The differential effects observed across FS and non-FS interneurons further support the presence of cell-type-specific molecular programs governing group I mGluR signaling. Both electrophysiological classes encompass multiple transcriptomic cell types, likely contributing to the observed heterogeneity. FS interneurons primarily include parvalbumin-positive basket and axo-axonic cells but also incorporate recently identified subtypes such as SST FRZB-expressing cells in the human cortex (Lee et al., 2023). The heterogeneous composition of the non-FS group may further amplify response variability. Consistent with our results, transcriptomic and anatomical evidence from mouse dataset indicates that GRM5 expression is higher in PV+ neurons than in somatostatin-expressing interneurons (Kerner et al., 1997). While our physiological rodent controls were performed in rats, we utilized the high-resolution mouse transcriptomic atlas for molecular comparisons, assuming a high degree of conservation in interneuron-specific gene expression between these two closely related rodent species. This molecular profile supports the prominent positive DHPG-induced modulation of synaptic transmission observed in FS populations. However, GRM5 expression is not exclusive to PV+ cells and has also been reported in LAMP5 (neurogliaform) interneurons, which may explain the DHPG-induced EPSC enhancement observed in a subset of non-FS cells, including morphologically identified neurogliaform neurons. Additionally, transcriptomic datasets identify interneurons with little or no detectable GRM1 or GRM5 expression, potentially accounting for cases in which mGluR activation failed to alter membrane potential or synaptic strength.
Beyond synaptic modulation, group I mGluR activation consistently altered intrinsic membrane properties in both human and rat interneurons. DHPG application commonly increased input resistance and induced inward currents corresponding to membrane depolarization, consistent with the inhibition of leak potassium conductances such as TASK and TREK channels, a known consequence of G_q_-coupled mGluR1/5 activation (Chemin, 2003). However, the magnitude and polarity of responses varied more widely in human FS interneurons, consistent with the substantial transcriptomic diversity within this population (Chartrand et al., 2023; Lee et al., 2023).
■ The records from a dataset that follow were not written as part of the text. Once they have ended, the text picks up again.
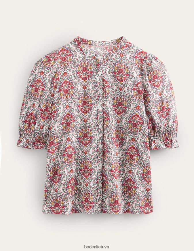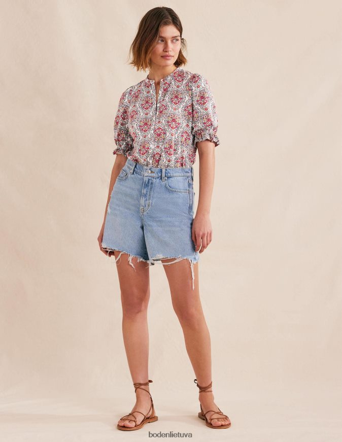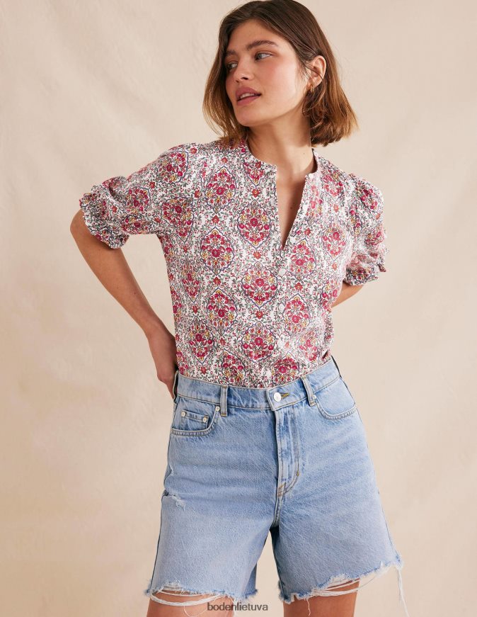 Gražus spaudinys ant šio suteptos medvilnės ir modalo mišinio viršaus pranoksta kasdienybę. raitytos palaidinės rankovės dar labiau prideda žavesio jas po megzta liemene arba pasipuošdami atskirai.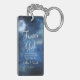 Lunar Sky Full Moon Celestial Galaxy Watercolor Design, with Night Shining Stars, and Glowing Moon Design on a luxurious Navy Blue, Pale Blue, and hints of purple watercolor texture. With Modern Typography Script Fonts. A trendy Magical design - Personalized Flower Girl Heartfelt Quote Keepsake Keychain!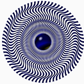 Schaut man auf die Mitte des Magischen Auges und bewegt den Kopft ein wenig vor und zurück, gibt es einen Dreheffekt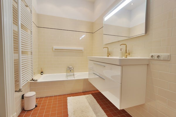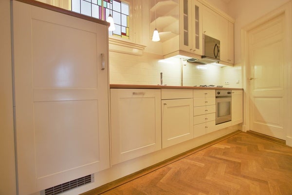 Sala de estar luminosa y brillante al frente con 5 ventanas con vistas al "Rijksmuseum", con altos techos ornamentados y suelos de parquet de espiga de madera en todo el apartamento. Cocina semiabierta totalmente equipada. Habitación lateral con balcón.

Certain limitations should be considered when interpreting our results. The predominance of small-amplitude excitatory events may have limited our ability to detect LTD at large-amplitude synapses, as described previously (Szegedi et al., 2016). The use of neurosurgical tissue also introduces unavoidable variability related to neocortical area and patient demographic properties, and possible undetected tissue pathology, although resected neocortical tissue was obtained exclusively from non-pathological quasi-control area (Lourenço and Bacci, 2017) which needs to be removed by surgeon to have access to pathological locus in subcortical area. Finally, although EPSC enhancement reversed during washout in some experiments, longer recording durations would be required to conclusively distinguish transient modulation from lasting plasticity.
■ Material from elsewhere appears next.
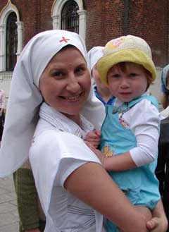 …Сегодня выписываются двое детей. Катюша и Миша. У годовалой Кати была повторная, очень сложная операция. Боялись, что не перенесет. Мама молилась, причащала девочку и на операцию я увезла Катю с крестиком на ноге. Девочка выжила! Сколько с ней было хлопот! Как она билась под руками врачей, ставивших ей капельницу, и мне приходилось ее держать, несмотря на крупные слезы и громкие жалобы: ”тя-тя-тя-тя-тя!” Теперь все позади. Девочка едет домой, и (слава Богу!) больше к нам не вернется. Только на консультацию.

In conclusion, our study provides direct evidence that group I mGluRs regulate excitatory synaptic transmission in the human cortex in an interneuron-specific manner, with distinct mechanisms operating in FS and non-FS populations. Moreover, the mechanistic divergence between human and rodent FS interneurons highlights the need for caution when extrapolating from animal models to human cortical physiology. These findings advance our understanding of human synaptic regulation and underscore the importance of mGluRs as modulators of cortical inhibition, with implications for neuropsychiatric and neurological disorders characterized by disrupted excitation–inhibition balance.
Methods
4
Ethics statement
4.1
All procedures were performed according to the Declaration of Helsinki with the approval of the University of Szeged Ethical Committee and Regional Human Investigation Review Board (ref. 75/2014). For all human tissue material written consent was given by the patients prior to surgery. Written informed consent was obtained from all patients before surgery. For underage patients, consent was provided by a parent or legal guardian.
Human cortical tissue
4.2
Non-pathological human cortical tissue was obtained from surgically resected brain areas that were removed to treat deep-brain tumors, epilepsy, and hydrocephalus in male and female patients (ages 4–74 years) from the frontal, temporal, and parietal lobes (Supplementary Table 1). The observed mGluR-mediated modulation was not associated with age, sex, cortical region, or clinical indication (Supplementary Figure 1).
Anesthesia was induced with intravenous midazolam and fentanyl (0.03 mg/kg, 1–2 μg/kg, respectively). A bolus dose of propofol (1–2 mg/kg) was administered intravenously. The patients received 0.5 mg/kg rocuronium to facilitate endotracheal intubation. The trachea was intubated, and the patient was ventilated with O_2_/N_2_O mixture at a ratio of 1:2. Anesthesia was maintained with sevoflurane at care volume of 1.2–1.5.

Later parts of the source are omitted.